[[ EXERCISE DATA, beginning ]]
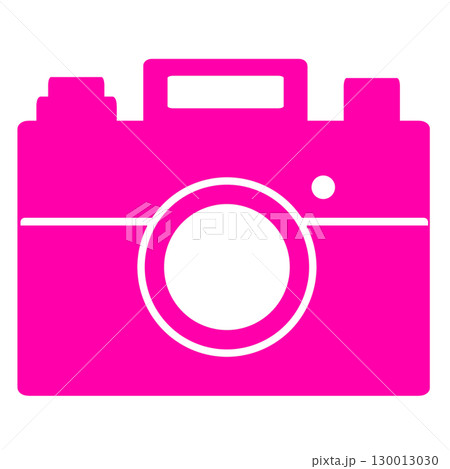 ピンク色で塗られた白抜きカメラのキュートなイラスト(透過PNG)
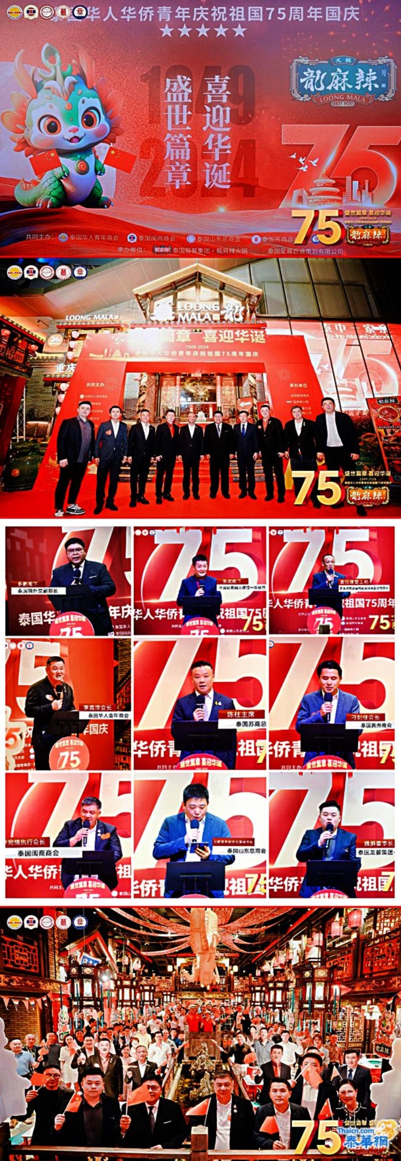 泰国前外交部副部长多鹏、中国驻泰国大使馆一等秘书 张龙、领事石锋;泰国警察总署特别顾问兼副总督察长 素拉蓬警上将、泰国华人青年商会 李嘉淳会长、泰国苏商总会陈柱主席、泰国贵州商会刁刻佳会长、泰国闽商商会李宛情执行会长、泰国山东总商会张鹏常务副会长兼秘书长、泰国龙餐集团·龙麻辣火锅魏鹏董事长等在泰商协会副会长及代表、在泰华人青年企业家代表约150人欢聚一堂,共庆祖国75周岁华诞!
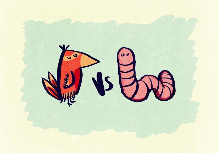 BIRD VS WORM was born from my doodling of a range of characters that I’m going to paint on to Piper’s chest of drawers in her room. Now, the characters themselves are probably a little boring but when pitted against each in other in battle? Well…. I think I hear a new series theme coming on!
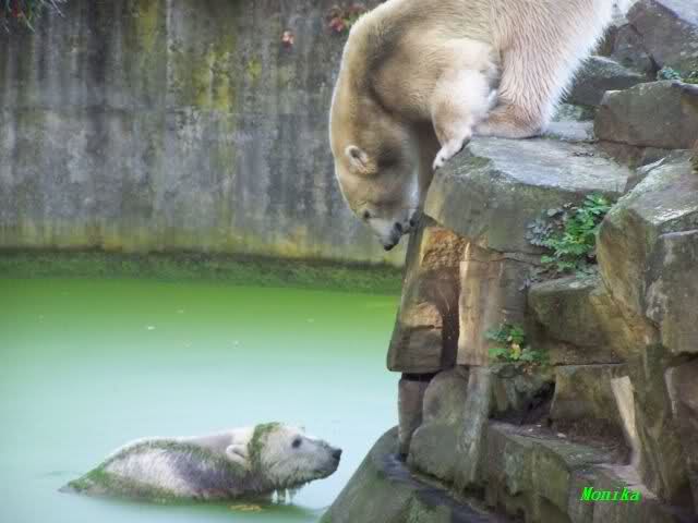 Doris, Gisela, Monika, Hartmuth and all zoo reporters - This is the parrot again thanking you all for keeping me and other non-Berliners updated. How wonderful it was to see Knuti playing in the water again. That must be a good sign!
[[ EXERCISE DATA, end ]]
**AIM OF THE EXERCISE**
Could you repeat all of the material exactly? Pictures should not be copied.

**RESULT**
 ピンク色で塗られた白抜きカメラのキュートなイラスト(透過PNG)
 泰国前外交部副部长多鹏、中国驻泰国大使馆一等秘书 张龙、领事石锋;泰国警察总署特别顾问兼副总督察长 素拉蓬警上将、泰国华人青年商会 李嘉淳会长、泰国苏商总会陈柱主席、泰国贵州商会刁刻佳会长、泰国闽商商会李宛情执行会长、泰国山东总商会张鹏常务副会长兼秘书长、泰国龙餐集团·龙麻辣火锅魏鹏董事长等在泰商协会副会长及代表、在泰华人青年企业家代表约150人欢聚一堂,共庆祖国75周岁华诞!
 BIRD VS WORM was born from my doodling of a range of characters that I’m going to paint on to Piper’s chest of drawers in her room. Now, the characters themselves are probably a little boring but when pitted against each in other in battle? Well…. I think I hear a new series theme coming on!
 Doris, Gisela, Monika, Hartmuth and all zoo reporters - This is the parrot again thanking you all for keeping me and other non-Berliners updated. How wonderful it was to see Knuti playing in the water again. That must be a good sign!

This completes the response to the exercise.